I use a micro pulley sometimes to one hand my line, if the bark on the tree is rough or sticky it can be a bit difficult to pull the rope one handed, it will work fine with the reduced friction of a cambium saver's rings. You've got to be careful coming down with a lockjack, you can slack it off too quickly and come zinging down! 
Check out how expensive they are, for what I can get a split tail, micro pulley and a bit of string, I'd only have a down payment on a lock jack, do you do enough tree work to warrant the expense? 
Another alternative is a distel hitch/karabiner/pulley combination as your self tending friction hitch.


----------



## mdaalmeijer (May 25, 2006)

Bermie,

Thanks you for your reply.
Yes those things are too expensive no matter how much tree work you do!

However, sigelhanded slacking out could lead me to much more fluent climbing. Can you describe me in some more detail what you experiences are?
For example:
-How was the (very) fine tuning, just those small cm's to get to the perfect distance with quite some tension on the line?

-Could you make a jump to a higher branch and getting rid of the slack just by a thug on the line?

-Was it use able to ascend on your line by foot-lock?

-Can you detach the thing form your line or is that a pain in the ...?

And yes a agree fully with you it is good to have the feel of a hitch and working that way is simpel, smooth and light. and that is what i like..

suggestions??
maarten


----------



## Bermie (May 27, 2006)

Ok, here goes with some answers, I hope they help!

Very fine tuning:
As long as the pulley is positioned snugly up under your friction hitch, you can tug it and wiggle your hips to get those small adjustments. The friction of your rope around your tie in point can hinder fine adjustments if the rope is not sliding easily. I have been up trees with rough bark and trying to one hand the slack, because the friction around the tie in point is quite a lot, I could not pull the slack one handed (mind you I don't weigh much)

Jumping to higher branch:
Again, as long as the friction is not too much, yes you can pull in the slack one handed.

Foot Lock:
Yes you can foot lock with the pulley, you may not get as much distance on each pull as you are not actually pushing your friction hitch up as far as it can go.

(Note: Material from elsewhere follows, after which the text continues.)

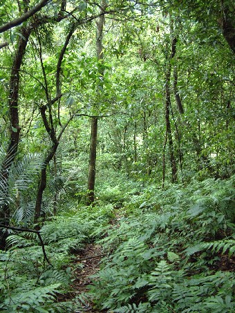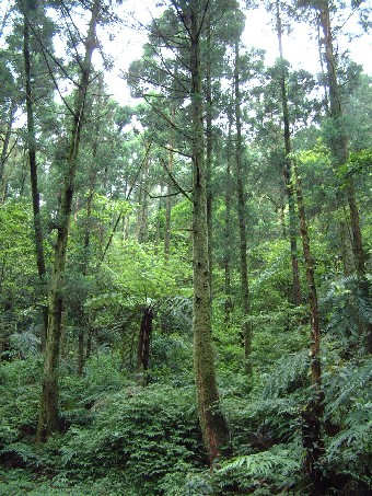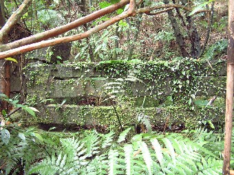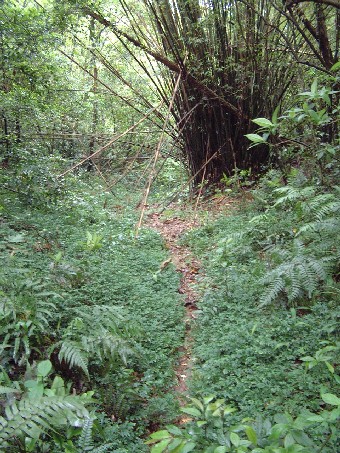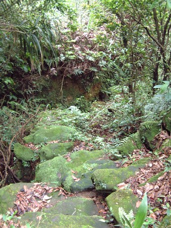 | 車停的橋頭前右側,有一寬大的產業道路,閃過鐵門側、循溪往上行,沿路的山林景觀,有份屬於低海拔次生林所建構翠意盎然的優美。倆人走到產道的路底,左側長有枝葉茂盛的大片「毛桃」果園,但卻未見有桃子的蹤跡,我心中不禁納悶著,再過一個月就是端午節;也就是桃李採收的季節啊!但是,桃子都跑到哪兒去了呢? 毛桃果園的右前方、竹叢林內,有石厝的斑駁牆面出現,石厝的佔地面積也寬廣,倆人越過石厝前方的竹叢、草地,往右側方向再前行約是30公尺的距離,林下右側出現明顯的路痕,看來應是昔時「後寮子」山區越嶺通往「四分子聚落」的古道。 登山界的前輩-藍天隊描繪的路線圖上,僅是標明有一條粗線的顯示,卻未標示出「線條」意指為何。為了這條古道的名稱,我與蕭郎琢磨、思考甚久,後來決定依著我們貼近古道入口、周邊電線桿上「四分子」的地名,將此古道喚為「四分子古道」。 |

Be prepared for a bit of slack as you reposition your feet.

Detaching:
I use a bit of small line, a tiny accessory clip and a CMI pulley, It can be a bit twiddly to detach, bit maybe that's just due to my system! when decending I find I have to let the pulley down a bit to allow me to slack off the friction hitch to come down. It's a bit trial and error, and I'm still experimenting some.


----------



## mdaalmeijer (May 28, 2006)

Thanks man


----------



## maxburton (Jun 4, 2006)

I love my lockjack. It's great for making quick climbs and working in excurrent trees. For decurrent trees, not so great. If you want slack in your line, you can't have it. But I think it's boss.


----------



## boo (Jun 4, 2006)

you can attach a micro pulley to your climbing line with a carabiner from your D-ring for a faster connect/disconnect.


----------